Furthermore, while Egret B possesses a global perspective, potentially accruing enhanced benefits for the group, it concurrently incurs an increased energy expenditure. Conversely, the strategy of Egret C, predominantly influenced by historical experience, involves proximal circumnavigation and exploration, a method that is prone to entrap the group in local optima.

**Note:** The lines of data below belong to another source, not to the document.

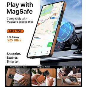 Capa fina, leve, com design empresarial e elegante, compatível com Samsung Galaxy S25 Ultra (2025). Possui suporte invisível ajustável entre 40°~120°, compatível com acessórios MagSafe, feita de couro PU premium com moldura de TPU antiderrapante, bordas elevadas para proteção da tela e câmera.Características
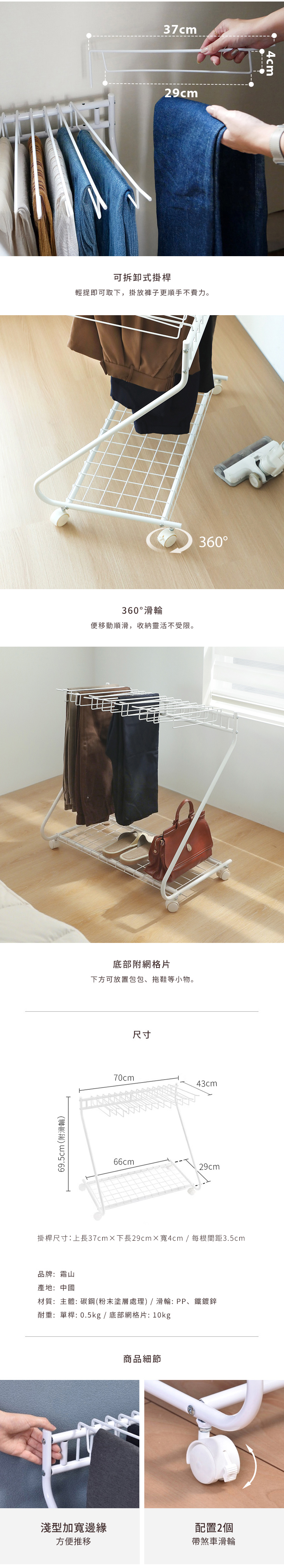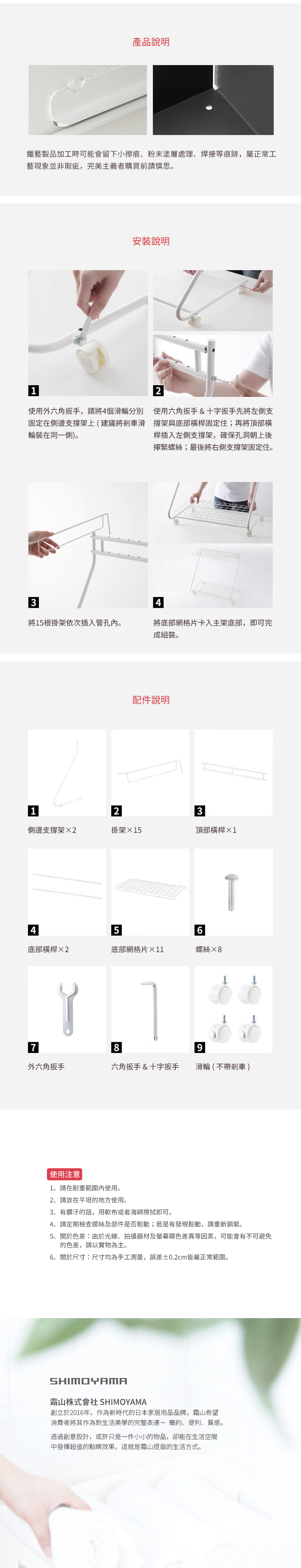 材質:[主體]碳鋼(粉末塗層處理)、[滾輪]PP、鐵鍍鋅
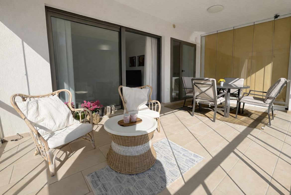 Bright and stylish 2-bedroom, 2-bathroom apartment on the second floor, offering 83 m² of living space and a 20 m² south-facing glazed terrace with views over the pool and gardens — perfect for relaxing, dining, or soaking up the sun.
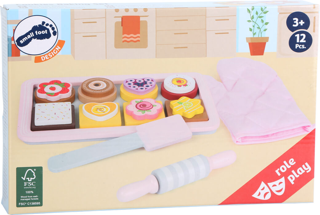 Litríkar trékökur á bökunarplötu sem hægt er að taka úr ofninum í leikfangaeldhúsinu með ofnhanska. Kökukefli og sleif fullkomna þetta fallega leiksett sem er úr 100% FSC® vottuðum við.
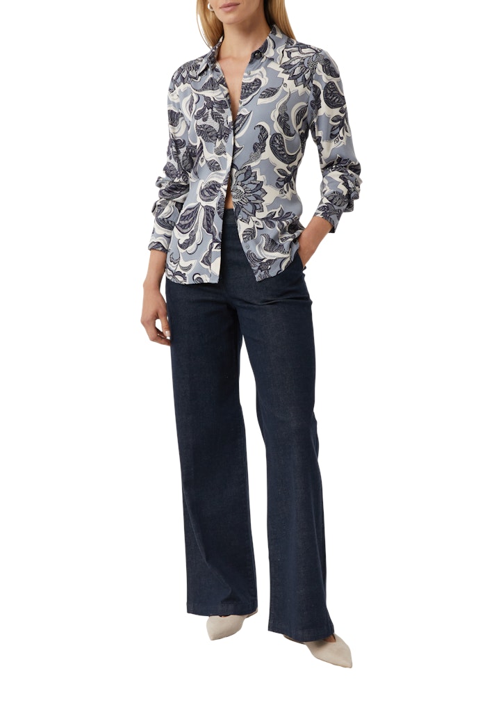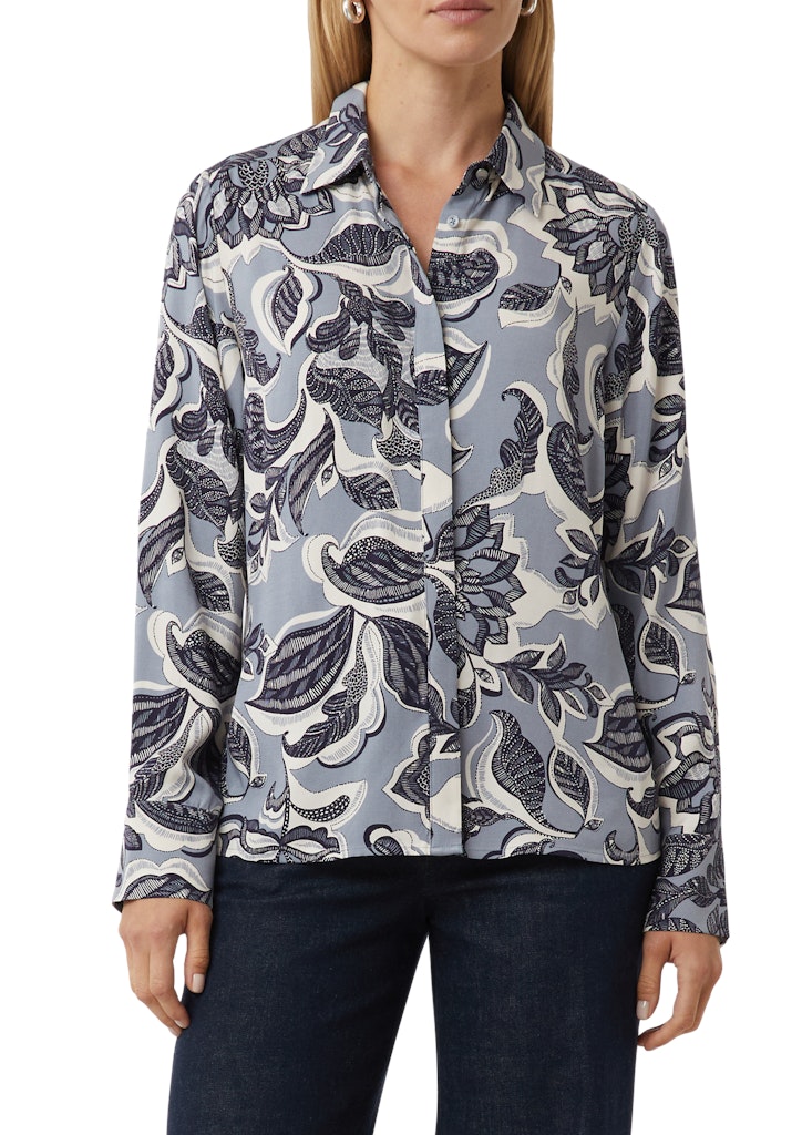Raffinierte Bluse mit All-over-Print: Ihr neues Lieblingsteil für vielseitige Looks. Der klassische Hemdkragen und die verdeckte Knopfleiste verleihen dem Piece eine elegante Note. Langarm mit Manschetten und Ärmelschlitz bieten Komfort und Stil. Die Frontpasse setzt einen modischen Akzent. Im Regular Fit geschnitten, schmeichelt sie jeder Figur. Kombinieren Sie diese halblange Bluse für einen souveränen Business-Look oder einen lässigen Freizeitauftritt.

To address the aforementioned shortcomings of ESOA, a particle \({\varvec{x}}_{S,i}\) embedded with the NABAS strategy is introduced into the ESOA group. This particle conducts a fitness function search in the vicinity of its current position during each iteration, effectively resolving the issue where ESOA deviates from practical problems in extreme cases and reducing dependency on random numbers. Additionally, the introduction of an activation factor adaptively controls the update speed of the step size, and in comparison with Egret B, it reduces energy expenditure. Therefore, the updating strategies (19) and (20) of NBESOA are modified like below:

$$\begin{aligned} {\varvec{x}}_{I,i}= & [ {{\varvec{x}}_{A,i},{\varvec{x}}_{B,i},{\varvec{x}}_{C,i}},{\varvec{x}}_{S,i} ], \end{aligned}$$

(26)

$$\begin{aligned} {\varvec{y}}_{I,i}= & [ {y_{A,i}},{y_{B,i}},{y_{C,i}}, {y_{S,i}} ]. \end{aligned}$$

(27)

According to the best value in (27), NBESOA still updates the optimal position by (21). The pseudo code of NBESOA is shown in Algorithm 1.

Complexity analysis

For clarity of expression, we denote the maximum number of iterations in Algorithm 1 as K, and the population size of the NBESOA as M. Assuming that each statement in the NBESOA consumes one unit of time and that, apart from a single while loop for iteration, there are no loops within the functions “SITANDWAIT”, “AGGRESSIVE”, and “NABAS,” thus, these parts have a constant time complexity, denoted as O(1) . Consequently, the time complexity of the NBESOA is determined by the maximum number of iterations of the while loop, amounting to O(K) .

Regarding space complexity, it is necessary to account for all the data structures utilized within the algorithm. When the dimension of the optimization problem is N, the variables within NBESOA require storage for a matrix of dimensions \(K \times N\) at maximum. Hence, the space complexity of the NBESOA is O(KN) .

Convergence performance of the improved ESOA

Four common test functions are selected to assess the convergence efficacy of NBESOA. These functions are Drop-wave, Schaffer N.2, Levy N.13, and Rastrigin, detailed in Table 3.

Table 3 Description of the test function.

Notably, each function is multimodal, non-convex, continuous, and possesses a singular global minimum within its solution space. To standardize the experimental results, we adjusted the original Drop-wave function by incrementing its cardinality by one, given its global optimum of 0. With their numerous local minima, these functions serve as an apt testbed for evaluating NBESOA’s proficiency in escaping local optima. We conducted 20 trials for each function using NBESOA, and the outcomes are presented in Fig. 3. Figure 3a illustrates the global convergence of NBESOA, demonstrating its rapid convergence to the optimal value within 200 iterations. Additionally, Fig. 3b displays a box plot of the 20 convergence outcomes, highlighting result variability. It is evident that NBESOA consistently converged to the global optimum in three of the functions across all trials, while the variance for the Levy N.13 function was within \(10^{-9}\), indicating minimal fluctuation in the algorithm’s performance.

Figure 3

figure 3

(a) Represents the fastest speed of convergence curve of NBESOA under the four functions. (b) It is a box plot of the results of 20 runs of NBESOA under four functions, showing the bias of the results.